TASK DESCRIPTION ▸ The finished copy should hold every entry exactly as given, and no pictures.

[INPUT DATA — start]

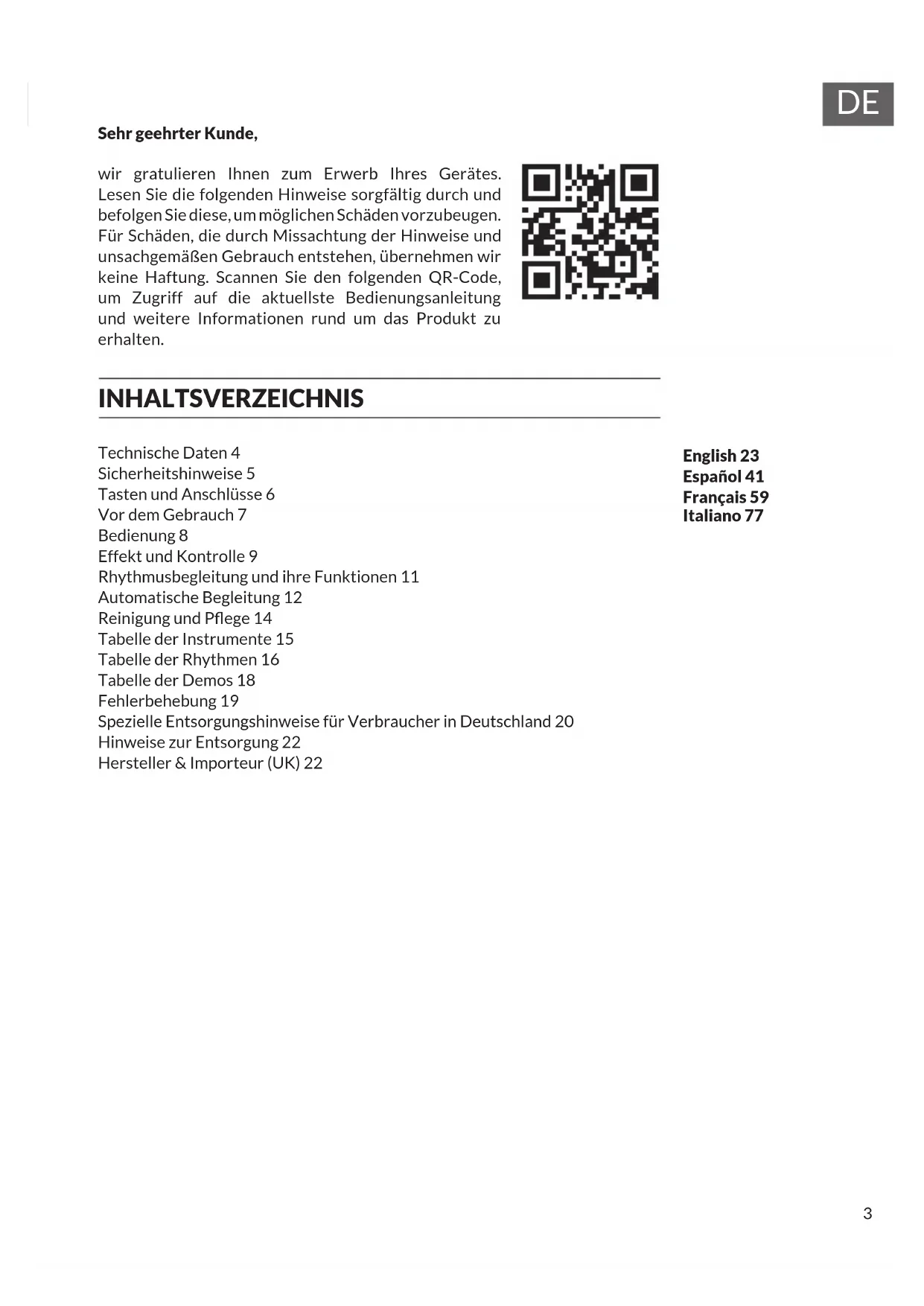 Sehr geehrter Kunde, wir gratulieren Ihnen zum Erwerb Ihres Gerätes. Lesen Sie die folgenden Hinweise sorgfältig durch und befolgen Sie diese, um möglichen Schäden vorzubeugen. Für Schäden, die durch Missachtung der Hinweise und unsachgemäßen Gebrauch entstehen, übernehmen wir keine Haftung. Scannen Sie den folgenden QR-Code, um Zugriff auf die aktuellste Bedienungsanleitung und weitere Informationen rund um das Produkt zu erhalten. INHALTSVERZEICHNIS Technische Daten 4 Sicherheitshinweise 5 Tasten und Anschlüsse 6 Vor dem Gebrauch 7 Bedienung 8 Effekt und Kontrolle 9 Rhythmusbegleitung und ihre Funktionen 11 Automatische Begleitung 12 Reinigung und Pege 14 Tabelle der Instrumente 15 Tabelle der Rhythmen 16 Tabelle der Demos 18 Fehlerbehebung 19 Spezielle Entsorgungshinweise für Verbraucher in Deutschland 20 Hinweise zur Entsorgung 22 Hersteller & Importeur (UK) 22 English 23 Español 41 Français 59 Italiano 774
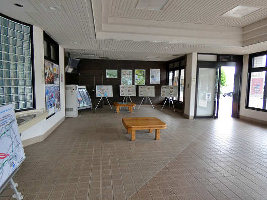 館内はこの様にガランとしていて小さなベンチのようなものが2つあるだけでした。この道の駅には屋外の飲食・休憩スペースなどはほとんど無いので、ここをうまく利用できればいいような気もしますね。
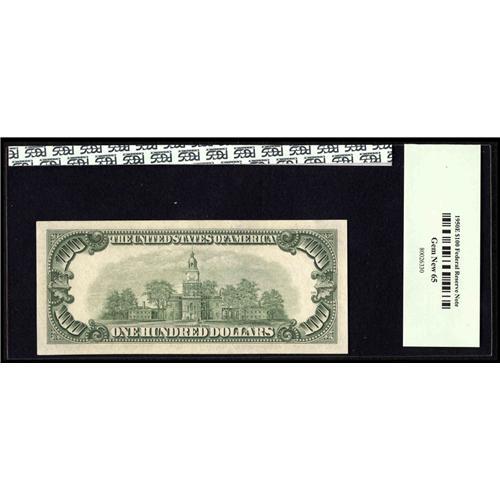 <B>Fr. 2162-B* $100 1950E Federal Reserve Note. PCGS Gem New 65.</B></I><BR>Sizeable margins are the prime attribute of this scarce replacement note. An estimated 288,000 notes were printed.
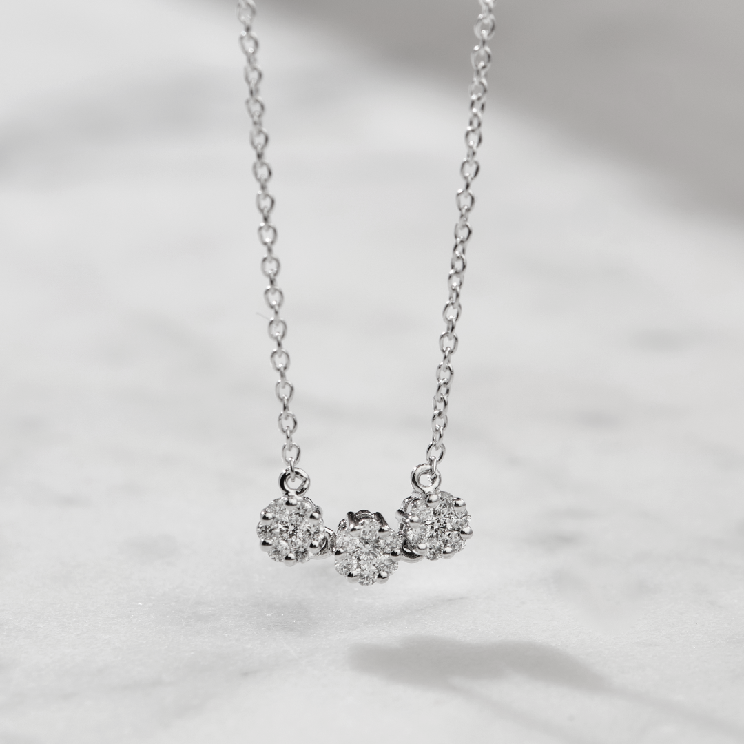 Skup blistavih dijamanata 0.16ct VS/G u delikatnim držačima od belog zlata. Ova prefinjena ogrlica oslikava moć i nežnost jedne žene.
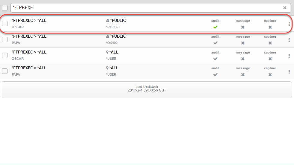 - On the Rules screen, click the *PUBLIC rule for the *FTPREXEC server.
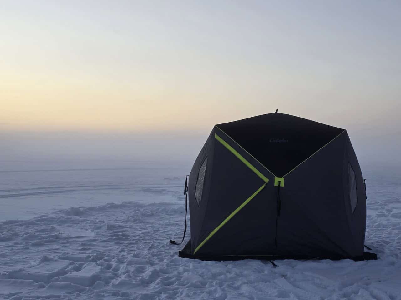 It's always a bonus when the weather allows you to fish outside of the ice fishing tent. Wind is about the only thing that can shut me down and make me hide. Luckily it was a perfectly still, calm evening. Chilly, but manageable outside.

[INPUT DATA — finish]

THE COMPLETED TASK ▸
 Sehr geehrter Kunde, wir gratulieren Ihnen zum Erwerb Ihres Gerätes. Lesen Sie die folgenden Hinweise sorgfältig durch und befolgen Sie diese, um möglichen Schäden vorzubeugen. Für Schäden, die durch Missachtung der Hinweise und unsachgemäßen Gebrauch entstehen, übernehmen wir keine Haftung. Scannen Sie den folgenden QR-Code, um Zugriff auf die aktuellste Bedienungsanleitung und weitere Informationen rund um das Produkt zu erhalten. INHALTSVERZEICHNIS Technische Daten 4 Sicherheitshinweise 5 Tasten und Anschlüsse 6 Vor dem Gebrauch 7 Bedienung 8 Effekt und Kontrolle 9 Rhythmusbegleitung und ihre Funktionen 11 Automatische Begleitung 12 Reinigung und Pege 14 Tabelle der Instrumente 15 Tabelle der Rhythmen 16 Tabelle der Demos 18 Fehlerbehebung 19 Spezielle Entsorgungshinweise für Verbraucher in Deutschland 20 Hinweise zur Entsorgung 22 Hersteller & Importeur (UK) 22 English 23 Español 41 Français 59 Italiano 774
 館内はこの様にガランとしていて小さなベンチのようなものが2つあるだけでした。この道の駅には屋外の飲食・休憩スペースなどはほとんど無いので、ここをうまく利用できればいいような気もしますね。
 <B>Fr. 2162-B* $100 1950E Federal Reserve Note. PCGS Gem New 65.</B></I><BR>Sizeable margins are the prime attribute of this scarce replacement note. An estimated 288,000 notes were printed.
 Skup blistavih dijamanata 0.16ct VS/G u delikatnim držačima od belog zlata. Ova prefinjena ogrlica oslikava moć i nežnost jedne žene.
 - On the Rules screen, click the *PUBLIC rule for the *FTPREXEC server.
 It's always a bonus when the weather allows you to fish outside of the ice fishing tent. Wind is about the only thing that can shut me down and make me hide. Luckily it was a perfectly still, calm evening. Chilly, but manageable outside.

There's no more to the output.